Poll: 80% Want Public Health Option

DENVER, Aug. 26 (UPI) -- While eight of 10 Americans say they favor a public health insurance option, fewer than four in 10 can define what that option is, an AARP survey indicates.

The poll, conducted by Penn, Schoen and Berland Associates for AARP, was presented Tuesday in Denver, the Denver Business Journal reported Wednesday.

While results suggest strong agreement among respondents that healthcare delivery and payment must change, it also indicated less agreement on whether the matter required higher taxes or insurance premiums, said Charlie Cook, a political analyst in Washington.

Under President Barack Obama's healthcare reform proposal, a public option would be offered as one choice in a cafeteria-style menu of health insurance packages available to consumers. Some opponents of the public option say it would lead to government-run healthcare.
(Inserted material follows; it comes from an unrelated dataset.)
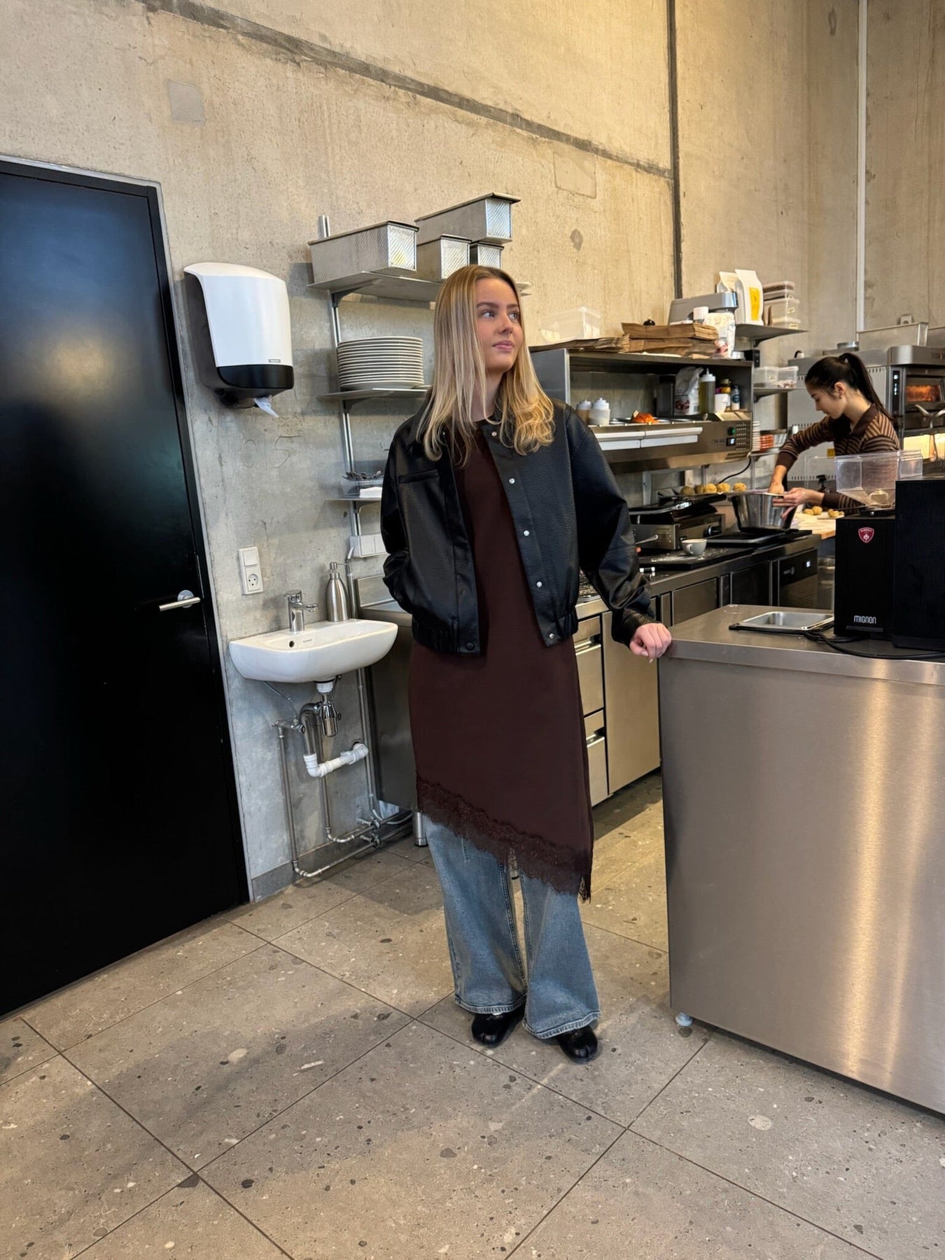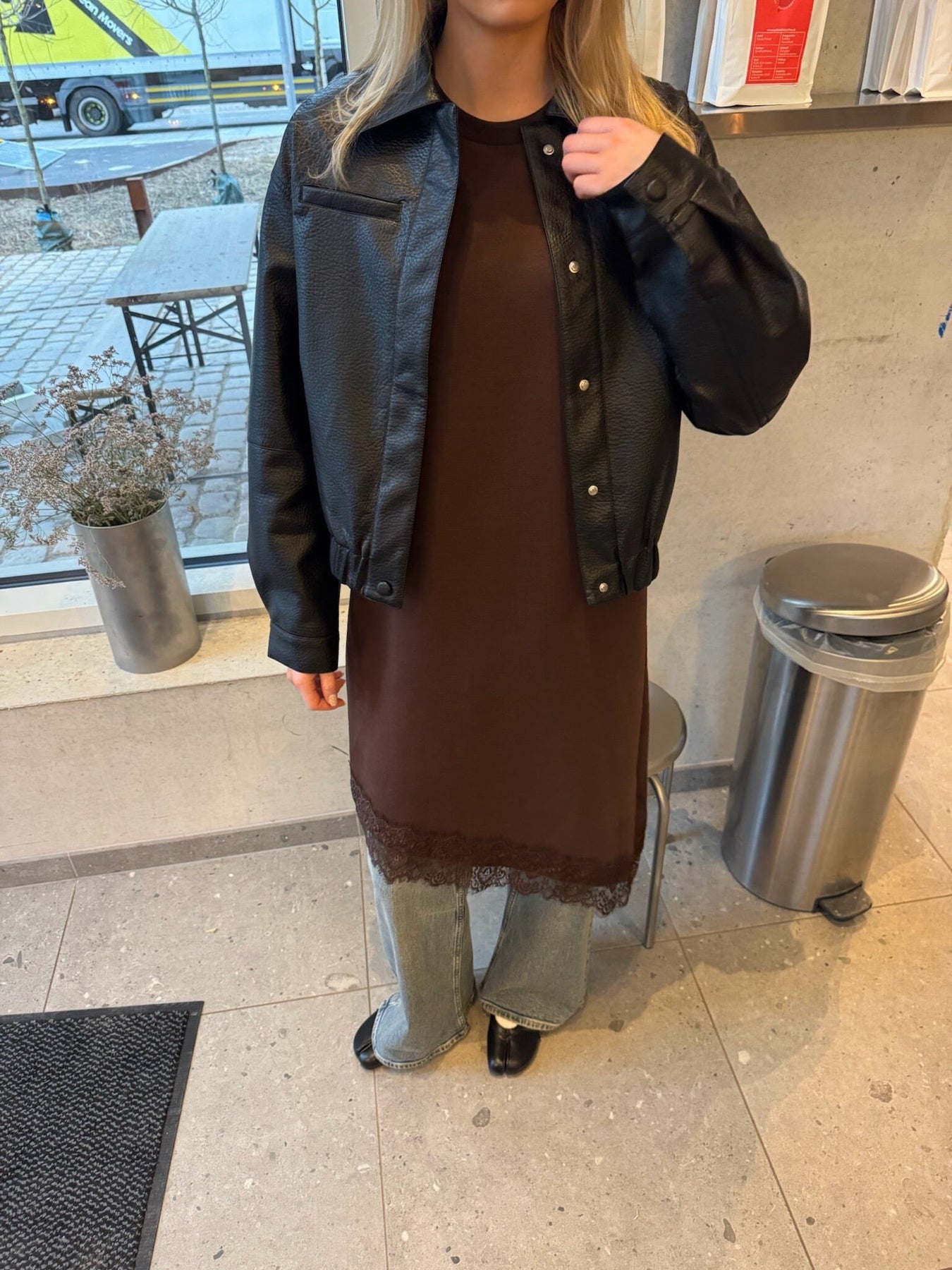 Sisters Point -mekko tumman suklaanruskeana. Mekossa on lyhyet hihat, pyöreä pääntie ja epäsymmetrinen helma pitsiyksityiskohdilla.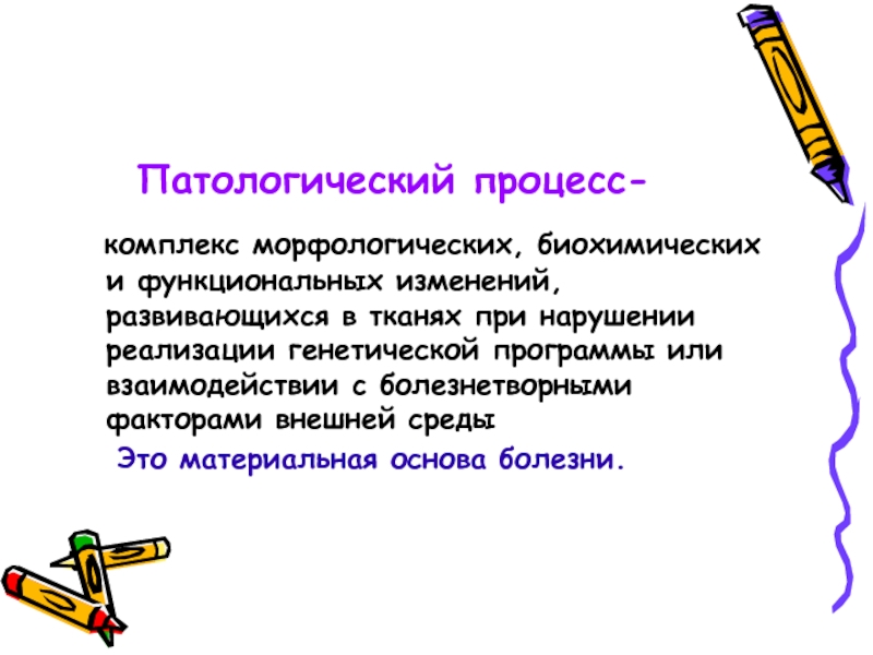 патологического процесса, процесс реализации причины в следствие (болезнь)

Congress is deep in partisan and philosophical debate over the shape of healthcare reform, with criticism of Obama's plan that includes a public insurance option coming from both Republicans and conservative Democrats.

Poll results indicated nearly 65 percent of those surveyed said they oppose increasing taxes to pay for covering the more than 46 million uninsured Americans, the business journal said. However, a majority polled said they believed all people should be covered and 73 percent said they are unwilling to see private health insurance premiums rise to cover those costs.

The nationwide poll surveyed 1,000 adults identifying themselves Democrats, Republicans or independents this month.

Koba's Note: I've never seen a poll on this issue below 70%. Your move Slothen. ;)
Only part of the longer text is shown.